Mais, on ne parle qu'à ceux qui nous écoutent ! Comme vous le notez dans votre post, la hiérarchie des sources disparaît, le recul propice et nécessaire à l'analyse diminue, l'individualisme augmente.
Mais, c'est notre monde !!! on ne reviendra pas en arrière, et la nostalgie n'a jamais engendré l'efficacité.
Il faut donc certainement comprendre les nouveaux vecteurs de communication, clarifier le message à convoyer et s'adapter au rythme qui nous conduit.
Pour ce qui est des moyens, on peut parier sur la video au détriment de l'écrit, sur des messages courts, qui ne décrivent qu'une idée.
C'est le contenu qui reste à élaborer, ...

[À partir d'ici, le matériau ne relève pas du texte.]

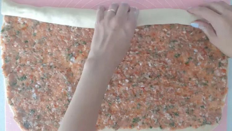 Тісто, що відпочило, розкочуємо в один тонкий прямокутний пласт товщиною приблизно в 2-3 мм. Далі зверху розподіляємо начинку рівномірним шаром, відступивши від одного широкого краю пару-трійку сантиметрів. Тепер загортаємо рулет до краю, від якого робили відступ і защипуємо добре шов, щоб пампушки під час смаження не розповзлися.
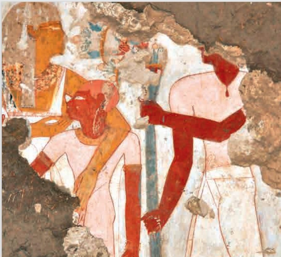 Dettaglio della tomba di Kenamun, fratello di latte di Amenhotep II, che mostra il sovrano sulle ginocchia di Amenemope, madre di Kenamun, che fu una delle sue nutrici. Dall’opera di Norman de Garis Davies, The Tomb of Ken-Amun at Thebes, New York – 1930, tav. 9.

Quelle société française pour demain ? quelle surface de l'état ? Qui doit-on mettre en avant ? les cadres de direction des fleurons de notre industrie, les polytechniciens, les élus de la Nation, les personnes qui agissent dans le cadre des professions réglementées, notaires, médecins, pharmaciens, taxi, ... ou bien les créateurs de projets, les responsables de PMI, les employés créatifs, ceux qui sacrifient à la mobilité au détriment d'une vie de famille, etc...
Ces choix sont un préalable nécessaire à la définition du message, ni de droite, ni de gauche, mais de France, qui pourra seul nous sortir de l'ornière gluante qui nous aspire vers la fin d'une belle histoire.
Ne voyez là qu'un point de vue, en aucun cas il ne s'agit de vérités, ...
Écrit par : Jean Laporte | 28 janvier 2010
D'une manière générale, j'ai tendance à souscrire à ce mot du professeur Choron "un jeune ça pense pas, ça ne fait que répéter papa-maman et le prof, alors ça devrait fermer sa gueule en attendant d'apprendre sa vie", ce qui n'empêche évidemment pas "les jeunes" (catégorie générationnelle dont je fais partie, ayant moins de 26 ans) de se cultiver ni d'avoir des opinions, mais de là à avoir un engagement marqué et/ou une vision du monde exhaustive...
Concernant les autres générations, je citerais un ami à moi : "en-dehors des périodes de crise, du genre guerre, révolution, etc., les gens en général sont plutôt peu ou pas engagés politiquement, et ça se comprend vu que ce n'est pas, dans les périodes de paix, la politique qui détermine leur vie quotidienne".
Tout ça pour dire que je ne pense pas la relative inertie politique de la population comme spécifique à notre temps. En revanche, et c'est plus préoccupant, le manque de culture politique et générale est, lui, flagrant. Un mien professeur professait que la "culture générale d'autrefois" était remplacée par les nouvelles générations par une culture générale plus actuelle, comprenant les thématiques et les enjeux de notre temps... force est de constater que non.